Over the past year, software developers and crypto-engineers have devoted an immense amount of time and resources to devising schemes to protect the privacy of people making transactions on blockchains.

Last November, the research arm of R3, a consortium of banks pursuing blockchain-enabled financial applications, released to its members a study making sense of the most promising solutions. The study, which has not previously been made public, provides a breakdown of the level of privacy granted by each approach while examining the trade-offs that inevitably attend them.

The permissioned approach

Banks have funneled their energy (both on their own and as members of consortia like R3) into building permissioned ledgers, a strategy which limits the participants in a blockchain to known entities. This is partly driven by banks’ reluctance to rely on anonymous actors to validate transactions, not to mention anti-money-laundering and know-your-customer regulations, which require them to extensively vet their counterparties. But another benefit of restricting who can participate is that it means restricting who can read the ledger and see the transactions.

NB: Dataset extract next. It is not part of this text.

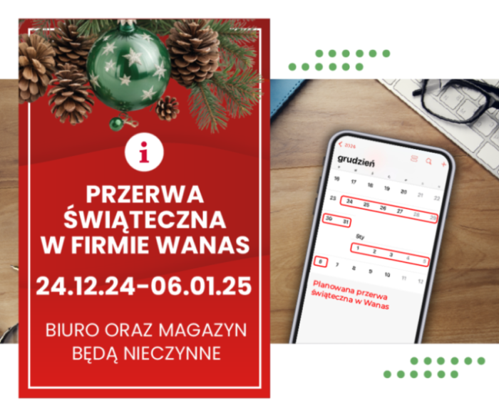 Informujemy, że w związku z nadchodzącymi świętami oraz coroczną inwentaryzacją firma WANAS będzie nieczynna w okresie od 24 grudnia 2024 roku do 6 stycznia 2025 roku.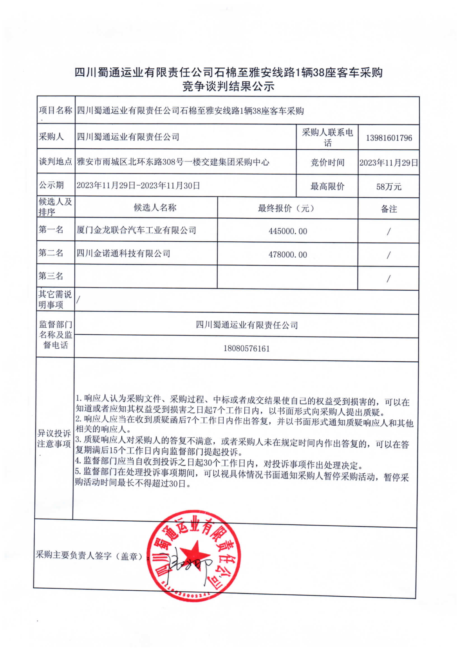 四川蜀通運業(yè)有限責(zé)任公司石棉至雅安線路1輛38座客車采購競爭談判結(jié)果公示

The authors of the R3 paper describe the restriction of read access as a “low-tech” option for privacy. Permissioned ledgers also allow for faster processing by getting rid of mining, which in bitcoin and Ethereum is needed to determine the order of transactions, but which is extremely costly in both time and energy.

However, permissioned ledgers alone may not be enough to protect participants from antitrust and insider trading laws which require confidentiality even between different departments in the same financial institution.

“If I’m at Goldman Sachs and I called you up and I’m like, ‘We’re doing a lot of transactions with JPMorgan,’ that probably would land me into some sort of legal trouble. And that’s exactly the sort of information you get if you have visibility within these permissioned networks, even if you don’t know what’s going on inside of them,” said Jared Harwayne-Gidansky, the deputy global head of emerging business and technology at Bank of New York Mellon. “It is an issue, for legal and regulatory reasons and also for just competitive reasons.”

Off-chain approaches

Sidechains, state channels and off-chain messaging are all ways to further sequester data from the main blockchain. They differ in the extent to which the blockchain is retained as a definitive record. In systems like JPMorgan’s Quorum, private messages are relayed off-chain while their cryptographic fingerprints, or hashes, are included in the blockchain as verification that the events occurred.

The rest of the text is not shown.